In counseling students that intend to danger themselves or others, may be a situation where an ethical decision may be required on the spot, and immediate medical attention necessary. “Suicide rates for adolescents have risen more than 300% since the 1950’s, yet the rates for the population in general have remained relatively stable” (King, 2001, p. 56). “It is estimated that 700 of every 100,000 individuals self-mutilate.researchers indicate that 53% of a social worker’s teen case load includes some form of self-destructive behavior, with 14 to 16 year olds comprising the largest group” (Froeschle, 2004, p. 1). With these rates, as a counselor, I think it ethical to have an employee of the crisis center visit the classrooms as a guest speaker. If one notices a student sad or depressed, the student should be approached and spoken to. At some time in the conversation if the feeling is just not right, and one feels the student may be suicidal or cause danger on themselves, parents must be called upon to assist with the situation. If parents cannot decide what the right decision to make, a school counselor, after consultation with school administration, must advise the parents of a possible 72 hour hold for the safety of the student.

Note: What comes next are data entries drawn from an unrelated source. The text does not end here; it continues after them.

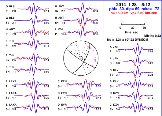 | strike | dip | rake | seismic moment | |
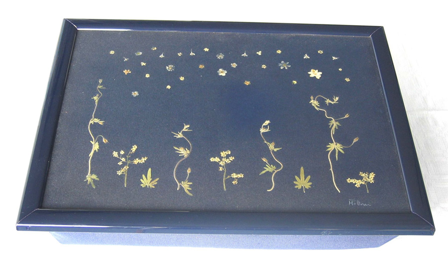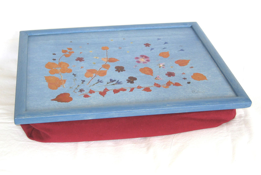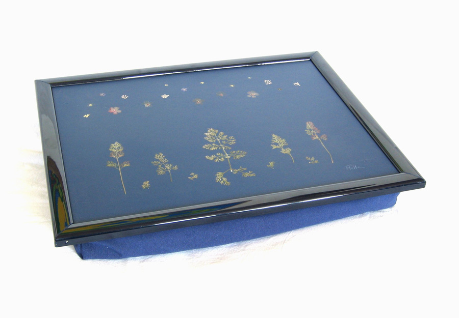 blue lap tray "ACERO", composition created with dried flowers, natural colors, blue cushion |
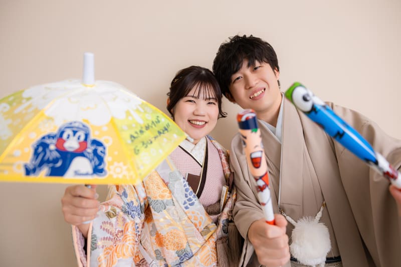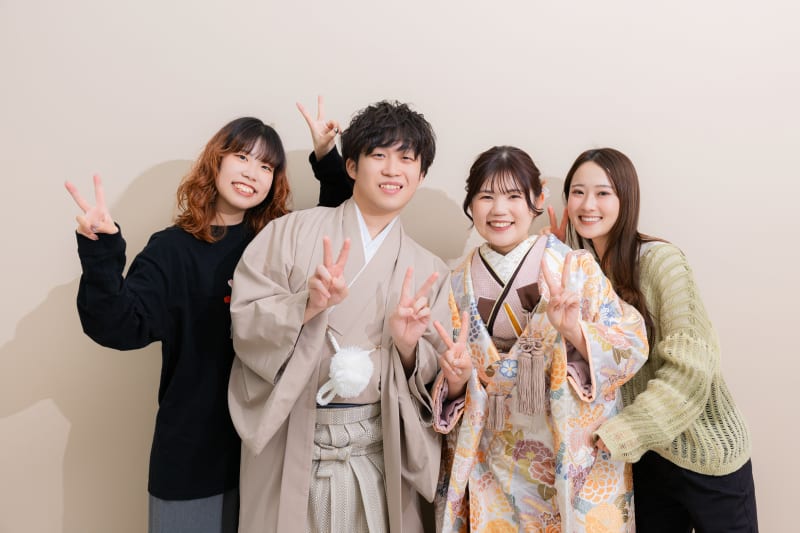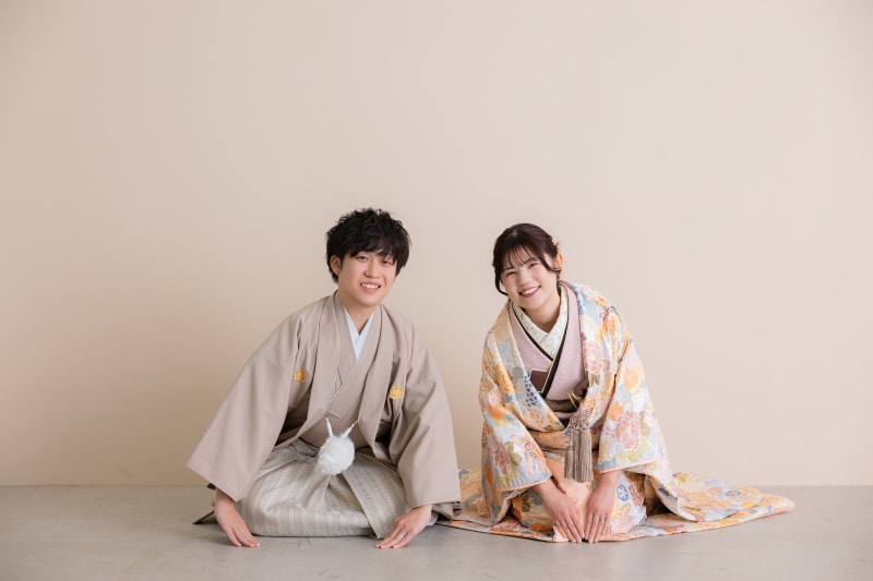 和装ならではの正座カット!ベージュの背景で衣装との色合いもバッチリです!
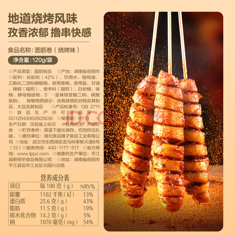 商品相册:良品铺子 面筋卷烧烤味烤面筋卷网红辣条味豆干小零食儿时怀旧小吃120g第
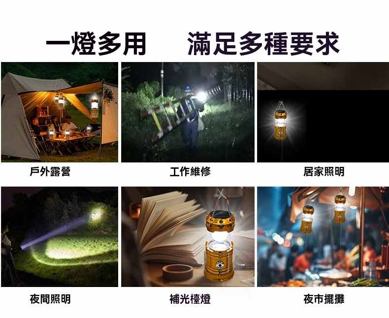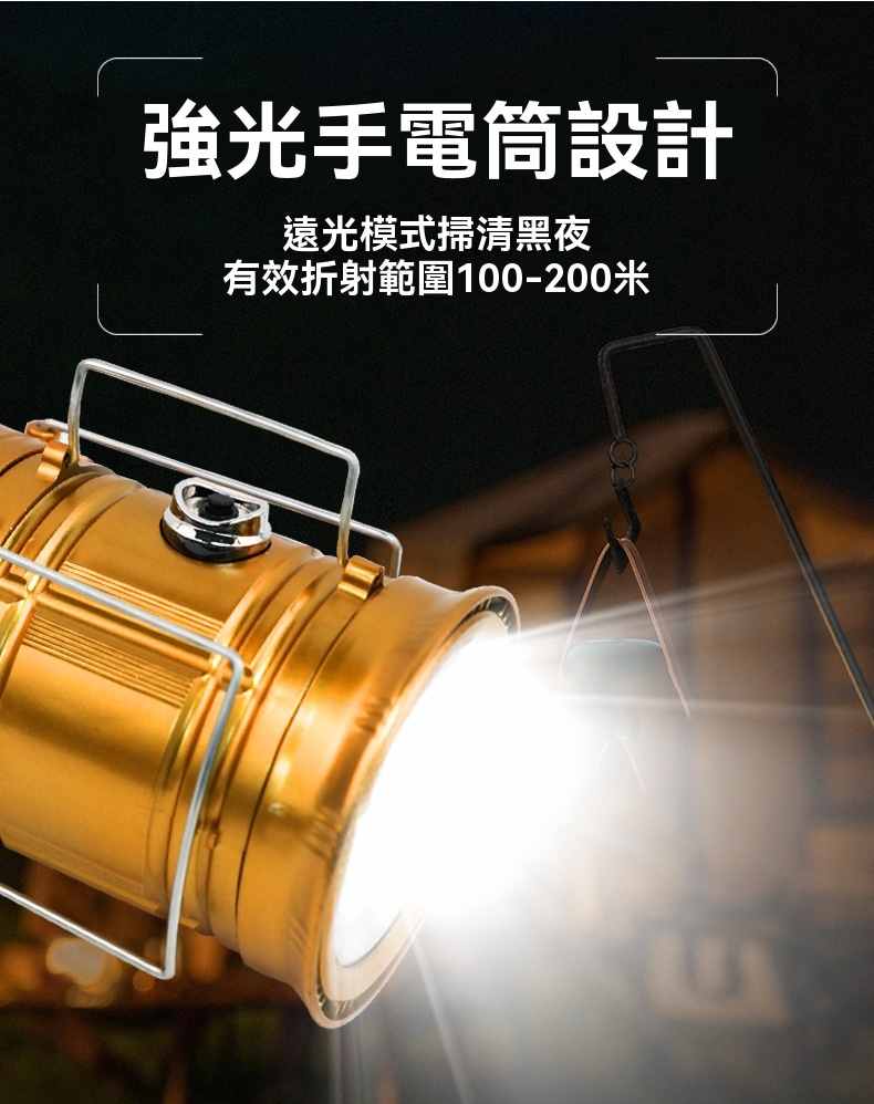 太陽能多功能戶外便攜式露營燈【買一送一】金色+藍色各一組(到手2組,每組均價399元!)
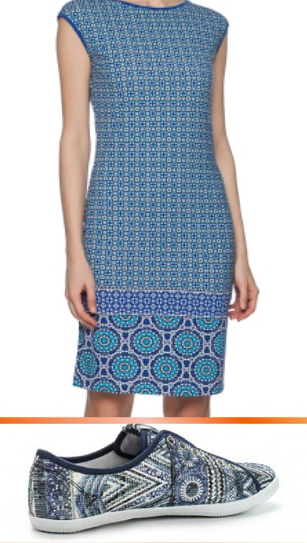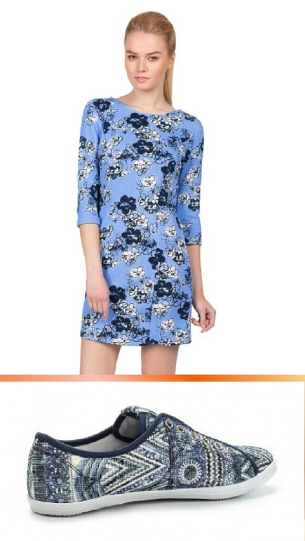 Я бы такую цветную обувь с принтованным платьем не одела, но это я, а вот забубенный стилист разрешил бы))
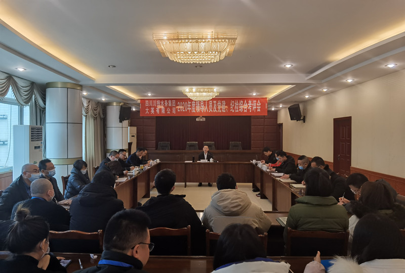 2021年1月29日,川投水務(wù)集團黨委副書記、總經(jīng)理鄧銳、人力資源部部長候獻國、安全環(huán)保部部長馬玉斌、黨群工作部劉言一行對大英水司2020年生產(chǎn)經(jīng)營、團隊建設(shè)、企業(yè)黨建、廉潔建設(shè)及安全環(huán)保等工作開展情況進行綜合考評。大英公司班子成員、中層管理人員、員工代表參加考評。
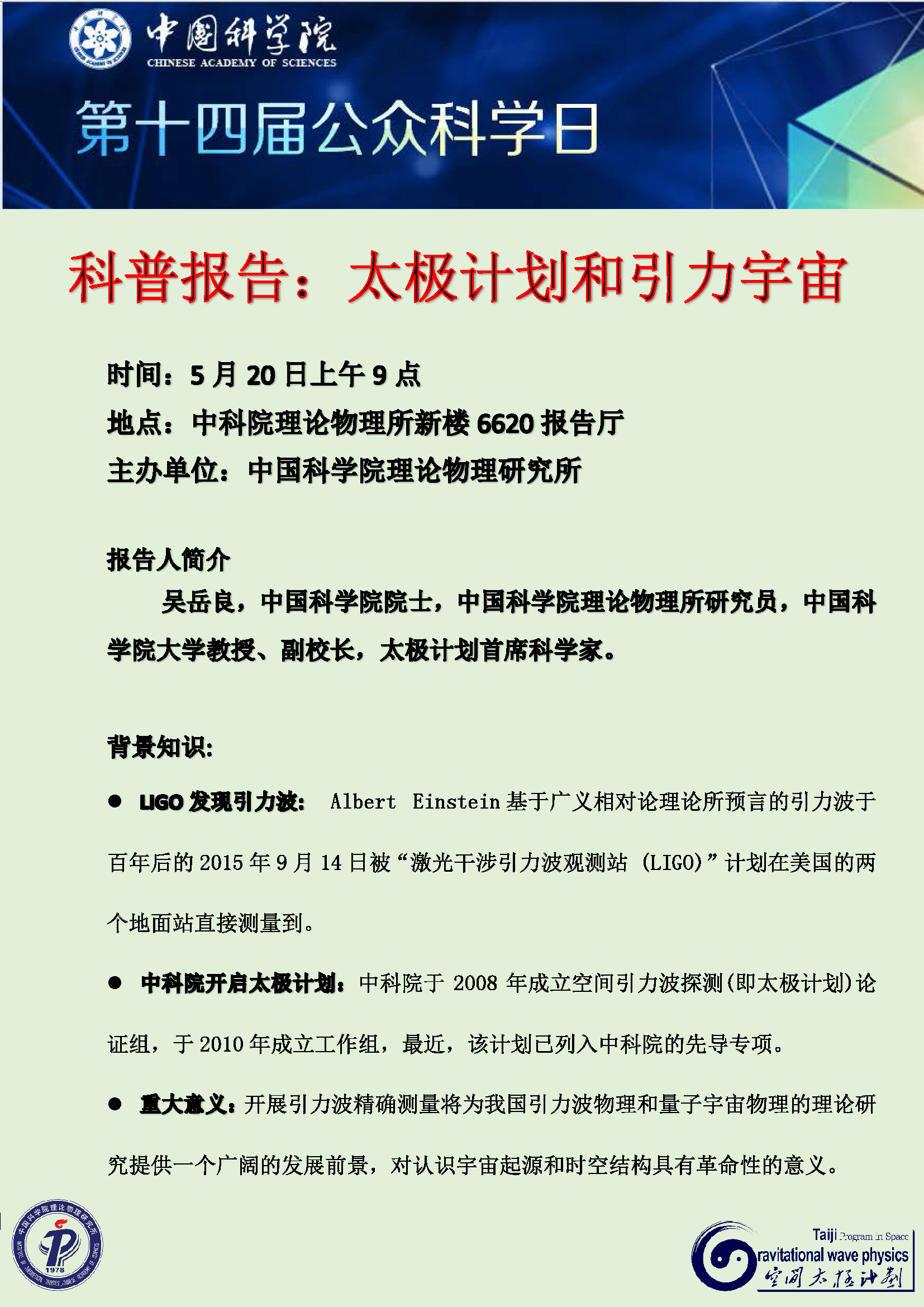 中国科学院第14届公众科学日——太极计划和引力宇宙
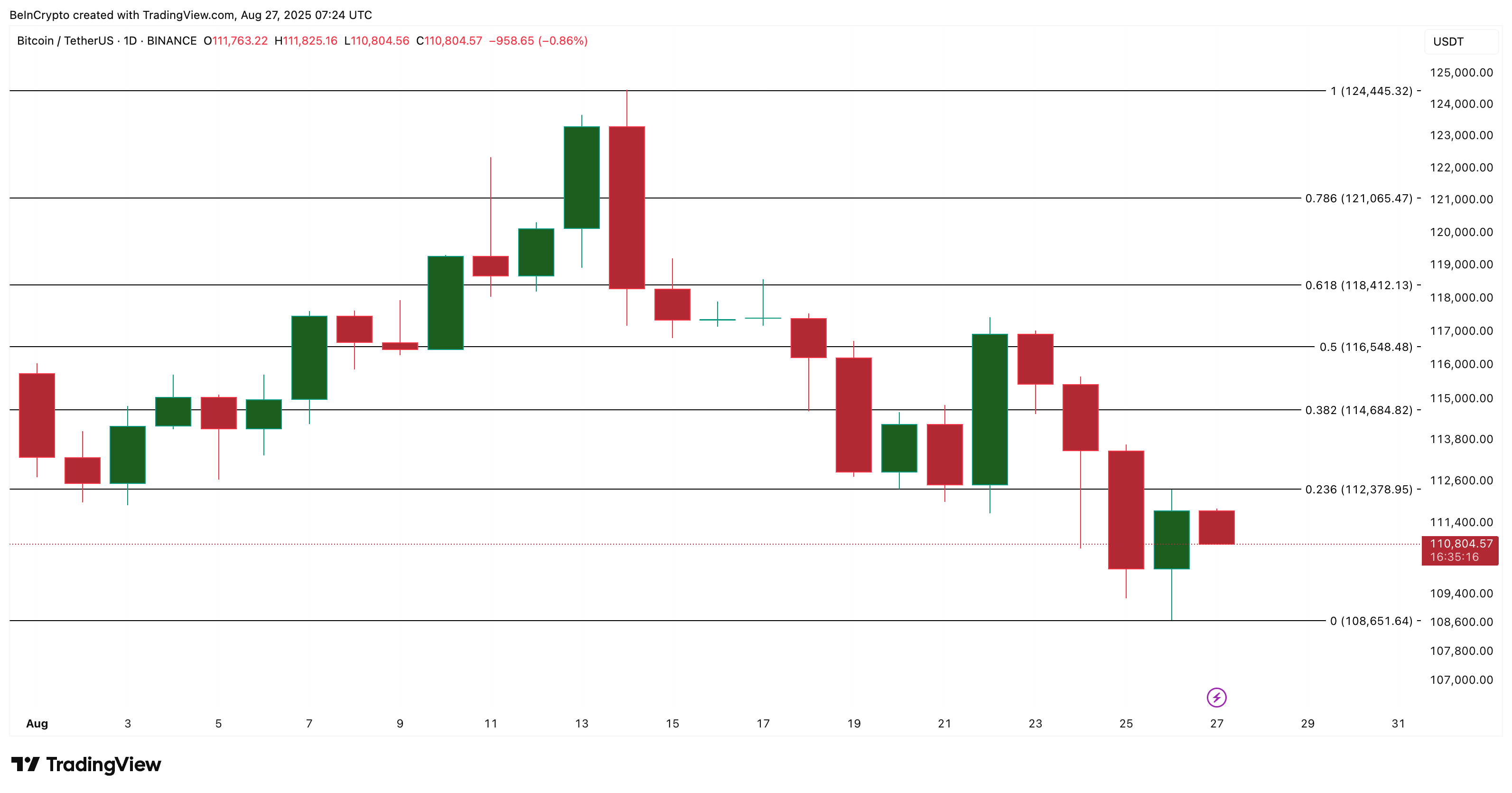 If the sellers regain strength and inflows rise for an 11th day, Bitcoin could break below $108,600. That would open the way for deeper losses.
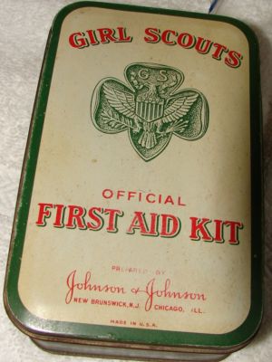 OLD GS GIRL SCOUT FIRST AID TIN WITH ANTIQUE ARROWHEADS
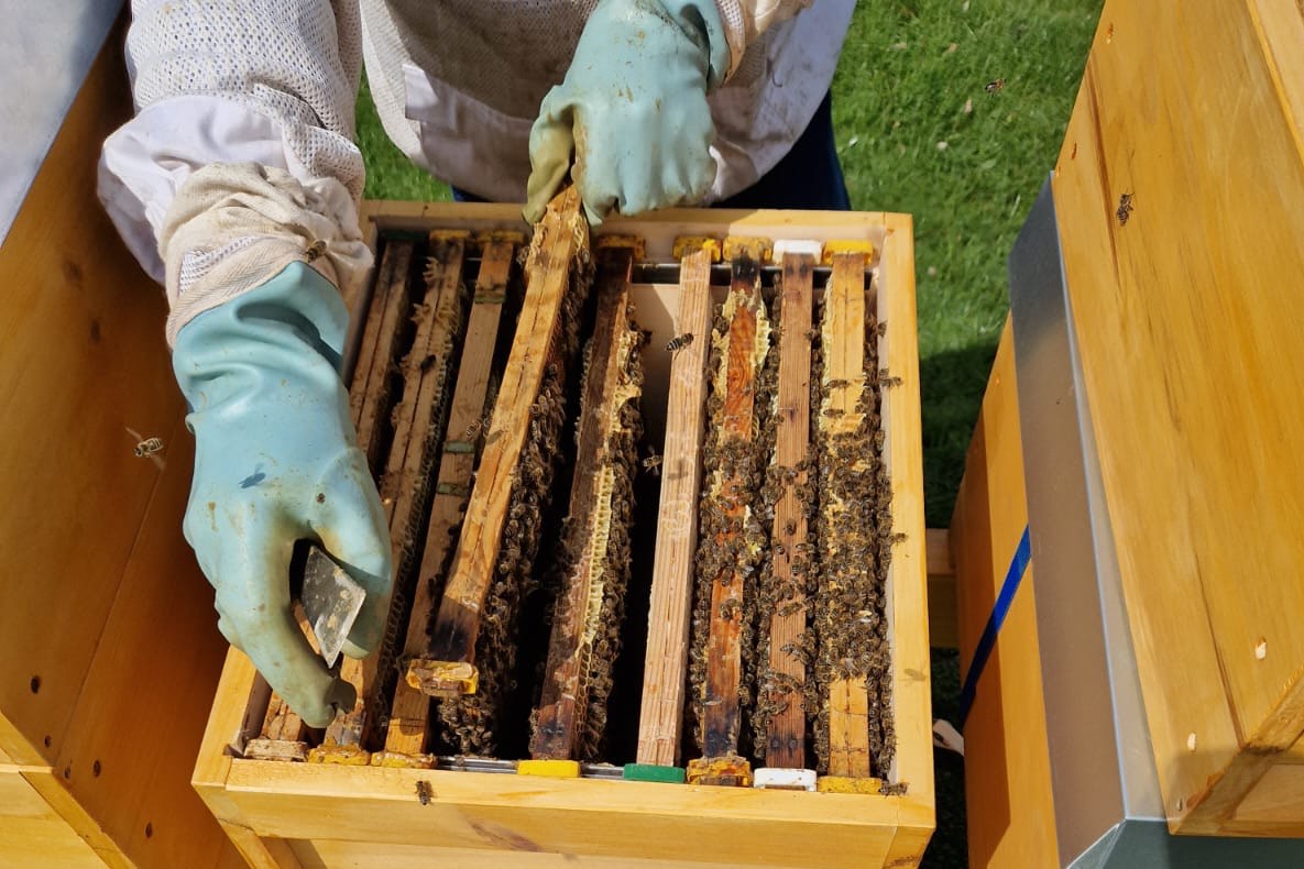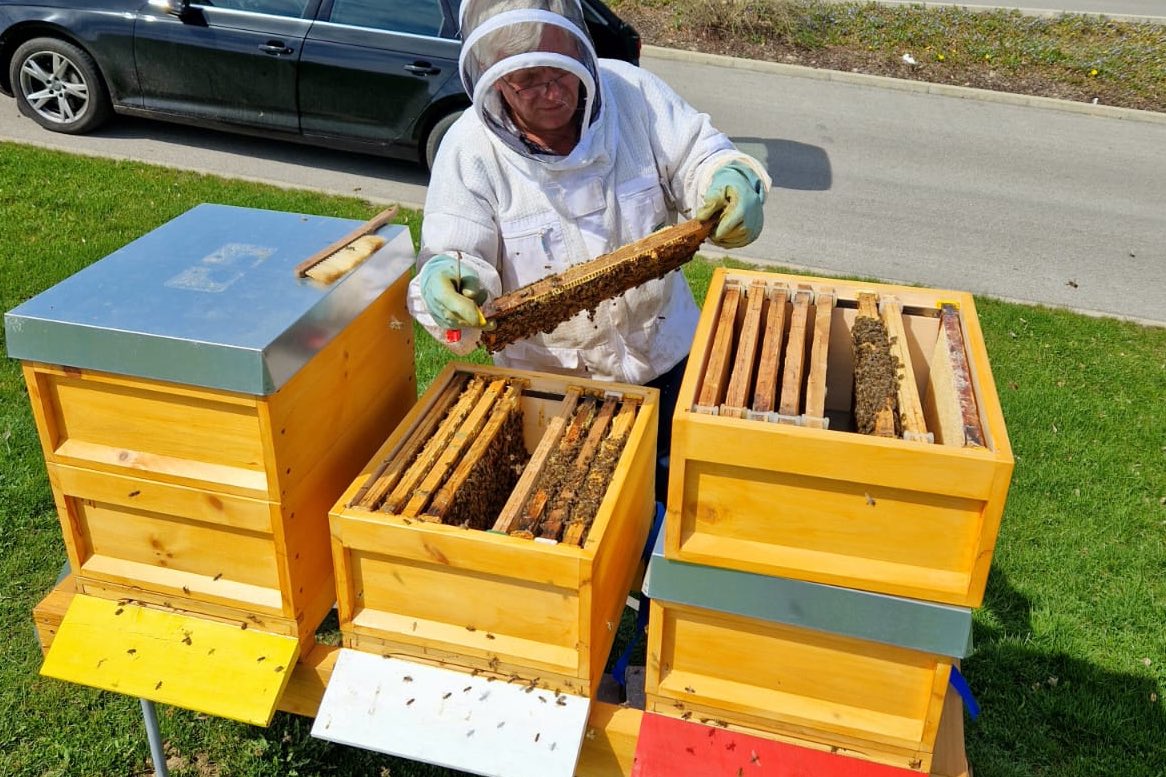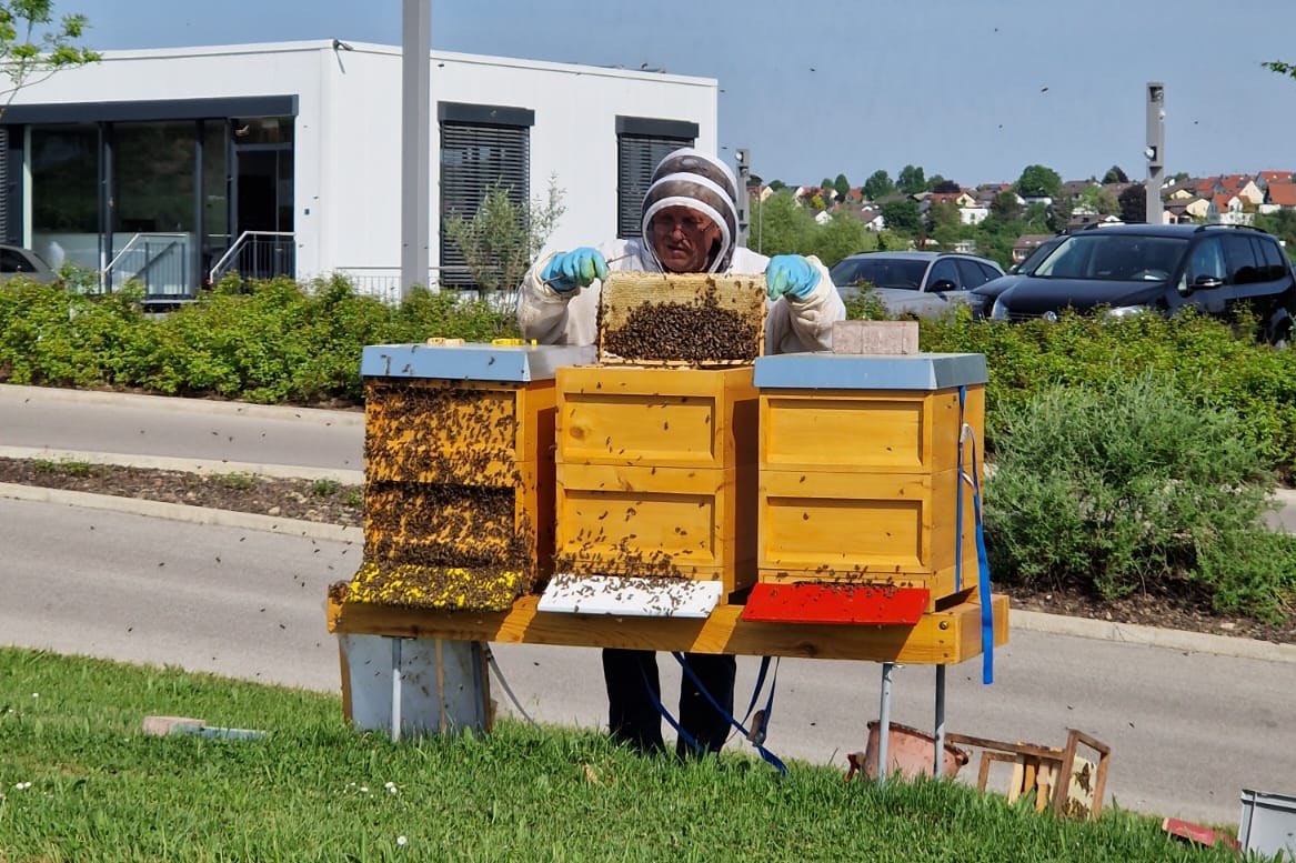 Die Tiere in ihren drei Stöcken produzieren nicht nur Honig, sondern sind ein weiterer bedeutender Baustein im Nachhaltigkeits-Konzept des Autohauses, das beispielsweise auch auf moderne Wasser-Aufbereitungs-Anlagen für die Auto-Wasch-Anlagen setzt.

Making ethical decisions is a daily, ongoing practice for school counselors, and it involves continuous commitment to serving the best interest of the students you are to serve. School counselors will continually be challenged with ethical dilemmas involving confidentiality, dual relationships, and cases of students that wish to danger themselves or others. We must treat them with respect and integrity. In return, they will confide in us and speak to us freely. As coworkers are my friends, students are my friends as well on a professional level. Once students trust their role models, that trust must never be broken. “The shape of my life is, of course, determined by many other things, by background and childhood, my mind and its education, my conscience and its pressures, my heart and its desires. I want to give and take from my children and husband, to share with my friends and community, to carry out my obligations to man and to the world, as a woman, as an artist, as a citizen” (Lindbergh, 2005, p. 17) and most recently as a school counselor!

Froeschle, J. (2004). Just cut it out: legal and ethical challenges in counseling students who self-mutilate. Professional School Counseling.
Grandin, T. (2006). Thinking in pictures. My life with autism. New York: Random House, Inc.
King, K. A. (2001). Tri-level suicide prevention covers it all. Education Digest, 67, 55-61.
Kitchener, K. S. (2000). Foundations of ethical practice, research, and teaching in psychology. Mahway, N J: Lawrence Erlbaum.
Lindberg, A. M. (2005). Gift from the Sea. New York: Pantheon Books.